-- Exercise directions --
Copy the data exactly from the line that contains "MAKE A MEME" through the line that contains "Mua tại TiktokNhằm", keeping both end lines and leaving out everything else.

-- Recorded information --
- Opening Delimiter -
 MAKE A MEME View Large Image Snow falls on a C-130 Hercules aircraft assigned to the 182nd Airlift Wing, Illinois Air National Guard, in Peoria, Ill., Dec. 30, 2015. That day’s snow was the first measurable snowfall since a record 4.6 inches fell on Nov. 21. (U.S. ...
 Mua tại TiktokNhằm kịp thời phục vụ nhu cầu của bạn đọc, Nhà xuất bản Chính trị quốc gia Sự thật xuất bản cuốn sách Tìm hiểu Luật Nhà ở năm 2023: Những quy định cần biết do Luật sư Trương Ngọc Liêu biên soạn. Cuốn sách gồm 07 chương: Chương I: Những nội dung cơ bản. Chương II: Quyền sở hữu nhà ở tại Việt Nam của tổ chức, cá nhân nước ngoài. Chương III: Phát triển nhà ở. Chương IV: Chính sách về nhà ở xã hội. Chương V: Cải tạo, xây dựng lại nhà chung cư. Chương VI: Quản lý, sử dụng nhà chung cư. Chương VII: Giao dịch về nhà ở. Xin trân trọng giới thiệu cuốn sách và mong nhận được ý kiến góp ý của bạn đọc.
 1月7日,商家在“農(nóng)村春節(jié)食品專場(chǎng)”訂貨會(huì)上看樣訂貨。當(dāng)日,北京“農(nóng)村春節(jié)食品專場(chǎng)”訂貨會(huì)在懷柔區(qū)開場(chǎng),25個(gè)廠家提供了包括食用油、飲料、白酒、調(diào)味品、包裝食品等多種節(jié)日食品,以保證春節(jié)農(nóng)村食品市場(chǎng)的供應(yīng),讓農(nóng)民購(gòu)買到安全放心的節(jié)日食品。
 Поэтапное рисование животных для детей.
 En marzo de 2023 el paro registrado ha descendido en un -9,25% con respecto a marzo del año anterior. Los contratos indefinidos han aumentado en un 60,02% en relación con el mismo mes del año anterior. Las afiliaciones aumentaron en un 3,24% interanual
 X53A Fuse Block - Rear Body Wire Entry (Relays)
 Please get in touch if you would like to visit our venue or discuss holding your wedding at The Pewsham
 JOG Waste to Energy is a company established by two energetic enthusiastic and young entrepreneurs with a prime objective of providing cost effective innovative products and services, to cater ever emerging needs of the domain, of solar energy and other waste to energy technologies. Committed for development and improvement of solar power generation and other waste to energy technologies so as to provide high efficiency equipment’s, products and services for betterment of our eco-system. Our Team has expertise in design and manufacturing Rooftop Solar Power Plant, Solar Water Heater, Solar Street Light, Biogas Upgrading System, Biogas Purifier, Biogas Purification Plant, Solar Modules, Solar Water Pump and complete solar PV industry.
- Closing Delimiter -
- Opening Delimiter -
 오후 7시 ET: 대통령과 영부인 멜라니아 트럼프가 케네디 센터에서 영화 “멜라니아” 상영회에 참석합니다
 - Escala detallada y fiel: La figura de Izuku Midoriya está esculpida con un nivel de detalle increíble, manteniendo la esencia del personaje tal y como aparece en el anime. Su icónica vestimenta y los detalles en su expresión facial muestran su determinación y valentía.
- Closing Delimiter -
-- Task output --
 MAKE A MEME View Large Image Snow falls on a C-130 Hercules aircraft assigned to the 182nd Airlift Wing, Illinois Air National Guard, in Peoria, Ill., Dec. 30, 2015. That day’s snow was the first measurable snowfall since a record 4.6 inches fell on Nov. 21. (U.S. ...
 Mua tại TiktokNhằm kịp thời phục vụ nhu cầu của bạn đọc, Nhà xuất bản Chính trị quốc gia Sự thật xuất bản cuốn sách Tìm hiểu Luật Nhà ở năm 2023: Những quy định cần biết do Luật sư Trương Ngọc Liêu biên soạn. Cuốn sách gồm 07 chương: Chương I: Những nội dung cơ bản. Chương II: Quyền sở hữu nhà ở tại Việt Nam của tổ chức, cá nhân nước ngoài. Chương III: Phát triển nhà ở. Chương IV: Chính sách về nhà ở xã hội. Chương V: Cải tạo, xây dựng lại nhà chung cư. Chương VI: Quản lý, sử dụng nhà chung cư. Chương VII: Giao dịch về nhà ở. Xin trân trọng giới thiệu cuốn sách và mong nhận được ý kiến góp ý của bạn đọc.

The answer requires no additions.